In an annual survey of Information security practices conducting by The Deloitte & Touche at 169 financial institutions found that 98 percent of them are spending more on information security this year than last year, and putting a greater emphasis on IT governance. In a related trend, 81 percent of the financial institutions surveyed said they’ve adopted a formal Information Security Governance framework, up from about 70 percent last year. The vast majority of the remaining respondents said they are in the process of establishing their own to fill their need.
Deloitte information security survey was gathering information from CIO from Japan 22 percent and the larger Asia Pacific region, 12 percent from the United States, 23 percent from Latin America, 7 percent from Canada, 31 percent from Europe, the Middle East and Africa, and 5 percent from the former Soviet Republics.

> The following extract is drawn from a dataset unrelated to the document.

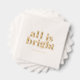 Add a touch of refined holiday elegance with these minimal gold foil “all is bright” cocktail napkins. Featuring a clean, modern serif design and personalized family name option, these napkins bring effortless sophistication to Christmas dinners, holiday parties, winter weddings, New Year’s celebrations, and festive cocktail hours.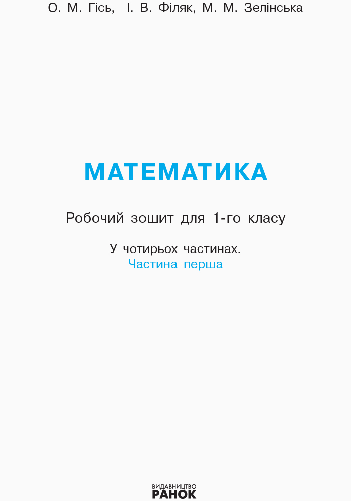 Робочий зошит складений відповідно до Типової освітньої програми, розробленої під керівництвом Р. Б. Шияна, поурочно узгоджений з підручником і навчальним посібником «Математика» для 1 класу (авт. Ольга Гісь, Ірина Філяк). Посібник сприяє формуванню загальноосвітніх умінь і навичок учнів/учениць, а також призначений для кращого засвоєння ними програмового матеріалу.

The survey also tell us; 38 percent of the organizations surveyed did not measure their security budget on a per capita basis, of those that did, 7 percent said they spend more than US$1,000 per person, 7 percent between $501 an $1,000 per person, 14 percent between $251 and $500, 23 percent between $100 and $250, and 11 percent under $100. This indicated that getting through internal and external audits can be tough wherever you are. They report that the main audit obstacles are networks that still allow excessive access rights; lack of adequate audit logging; and failure to assure access control complies with formal business procedures.
According to the 2007 Global Security Survey, the cost for security system spending is up as much as 15 percent over last year at 11 percent of the 169 corporations surveyed, which include banks, and financial instutions from 32 countries. The highest cost were made in IT audit and IT auditor certification costs, logical access control products, infrastructure protection devices and compliance and risk management. The survey also asked the respondents questions about technology use. Questions asking whether organizations are allowed to use wireless technologies, including wireless LANs, infrared networking or mobile devices, due to security reasons. Forty five percent of the respondents said their organizations prohibit use of wireless LANs, 75 percent prohibited infrared networking; and 13 percent prohibited mobile devices, including PDAs and BlackBerries.
Those not prohibiting use of wireless sought to offer employees guidelines on secure use, published policies on acceptable business use or did implement wireless technologies.